Почему выбран в качестве источника литературный материал? Культура — центральная тема современных общественных наук; чтобы понять, как люди думают, чувствуют, действуют и выражают себя, необходимо изучить культуру, которую они создают и которой они создаются; необходимо сосредоточить внимание на культурных силах, структурирующих повседневную деятельность индивидов [Inglis D., 2005]. Сущность культуры повседневности описывается ключевыми теоретическими моделями, применяемыми при изучении традиционных культурных обычаев или же современных контркультурных идеологий и движений; таким образом выявляется различие «социальных идентичностей» [Bennett A., 2005]. Что касается статуса выбранного нами римского классика, то его принадлежность к авторам второго плана сказывается на его научной репрезентативности; Марциал обделен вниманием современных исследователей античной литературы, а новейшие работы, посвященные его творчеству, носят прикладной характер [Котова А.В, 2018; Мельцер Р.И., Недбайлик С.Р, 2019]; зарубежные исследования в основном продолжают академическую традицию [Holzberg N., 2002; Fitzgerald W., 2007; Sullivan J.P., 2005]; до конца не сформировался корпус переводимых сочинений поэта: авторы дискутируют о принципах перевода [Martialis M.V., 2012]. В этом смысле данная статья обладает несомненной новизной, поскольку возвращает поэта в центр общественной жизни позднего Рима.

  1. Аксиологический аспект исследования

Римское общество эпохи империи (в особенности столичное), столь ярко, живо и в таких подробностях сатирически описанное Марциалом, уподобим буржуазному (имея в виду проникновение денежных отношений во все сферы публичной и даже семейной жизни захватившего все сословия духа «торгашества»).
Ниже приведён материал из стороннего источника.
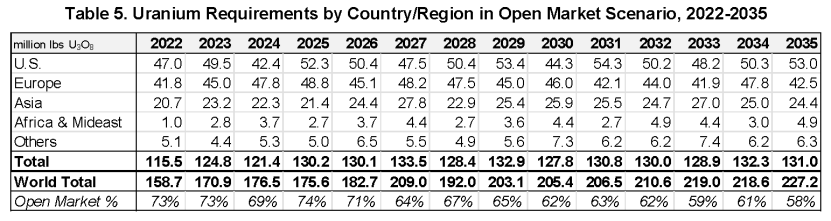上表中的国家占2022年全球铀市场总需求的约73%。不过随着中国、俄罗斯以及依赖中、俄设计的核电机组的国家持续发展核电,且一些公开市场的国家核电装机逐渐减少,预计到2030年左右,公开市场的铀需求占全球份额将下降至62%,到2035年将进一步下降至58%(见下表)。

Человеческие отношения принимают меркантильный характер (подобно буржуазной одержимости собственностью, охватившей общество XIX в.); высвобожденный из социальных пут позитивно понимаемый индивидуализм прилагает всю свою негативно оцениваемую энергию для достижения собственных целей, успех повышает его социальный статус [Штирнер М., 2017]. Всякое понимание такого рационально ориентированного целевого действия характеризуется высшей степенью очевидности [Вебер М., 2016, с. 69]. На материале нашего времени (общества эпохи индустриализма) модель поведения индивида в разрушающихся традиционных общностях Э. Фромм описывает так: «Наше “эго” имеет много разных аспектов; оно включает: тело, имя, социальный статус, имущество (включая наши знания), наше представление о себе и то впечатление, которое мы хотим произвести на других. Эго — смесь из реальных качеств (знаний, умений, навыков) и определенных фиктивных качеств, которые мы стараемся сгруппировать вокруг некоторого реального ядра» [Фромм Э., 2018, с. 111].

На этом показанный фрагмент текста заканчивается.